A look back at the career of the Oscar-winning Oregonian filmmaker and master of stop-motion animation, who has died at 70.

The innovative Portland filmmaker Will Vinton, best known for his iconic work with stop-motion animation, died on Thursday, October 5, at the age of 70, following a 12-year battle with multiple myeloma. Vinton was the first Oregonian to win an Oscar, and his company, Will Vinton Studios, served as a laboratory, training ground, and creativity magnet for a generation of Portland artists. His legacy survives today in the form of Laika Studios, which has taken stop-motion work to new technological and commercial heights, though not without some controversy along the way. I never had a chance to meet Vinton more than in passing, but if the testimonials and condolences that have emerged over the last few days are anything to go by, his was a genuinely generous soul. His bald head, bushy handlebar mustache, and twinkling eyes denoted a spirit that was independent, mischievous, and bold, even while working in the potentially stifling world of corporate advertising.

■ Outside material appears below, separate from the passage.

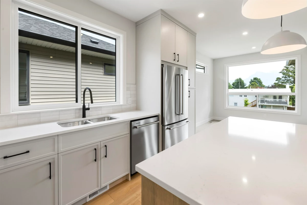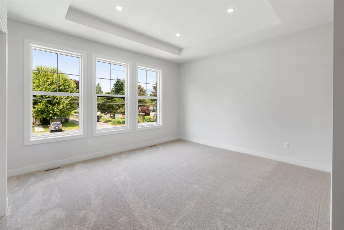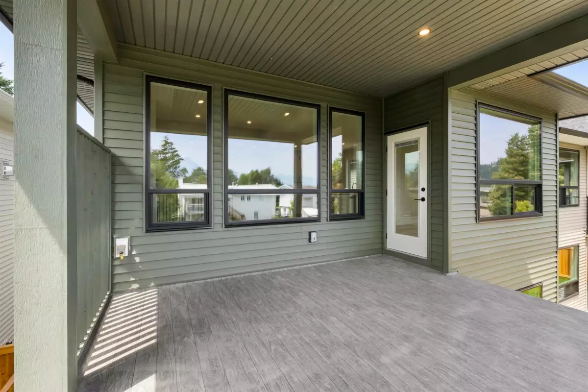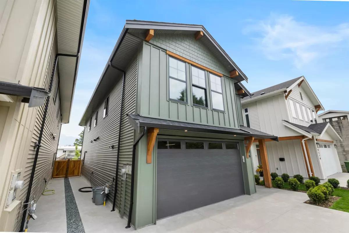 Brand new Basement entry home with a large covered deck viewing Mount Cheam, built by a reputable local builder. Great offering with a nice sized lot (generous back yard) in an amazing location on the Chilliwack side. Awesome floor plan with ample square footage. 4 bedrooms, 2 bathrooms on the main floor. Generous sized master bedroom with walk in closet and ensuite. Large driveway for vehicle parking. Basement includes 2 bedrooms, a large recreation room with a covered deck. (roughed in to easily accommodate a spacious 2 bedroom unauthorized suite) A quality built home with fine finishings, stunning kitchen, gas BBQ outlet, triple pane windows, Heat pump, on a quiet road with great access to the highway and amenities.

Will Vinton in 2017. Photo: K.B. Dixon.

The individual personalities of each of the California Raisins, the in-your-face anarchy of The Noid, and the wistful moments of confused awe experienced by the drunk museum-goer in “Closed Mondays” all seem to stem from an aspect of Vinton himself. Even after his creations became nationwide obsessions, and when his company’s landmark headquarters in Northwest Portland buzzed with activity, there was always the feeling that the work that emerged sprang, at its core, from one especially fertile brain. Needless to say, that’s not the impression one gets, for better or for worse, from the vast majority of the animation on movie screens today. (Television may be another matter.)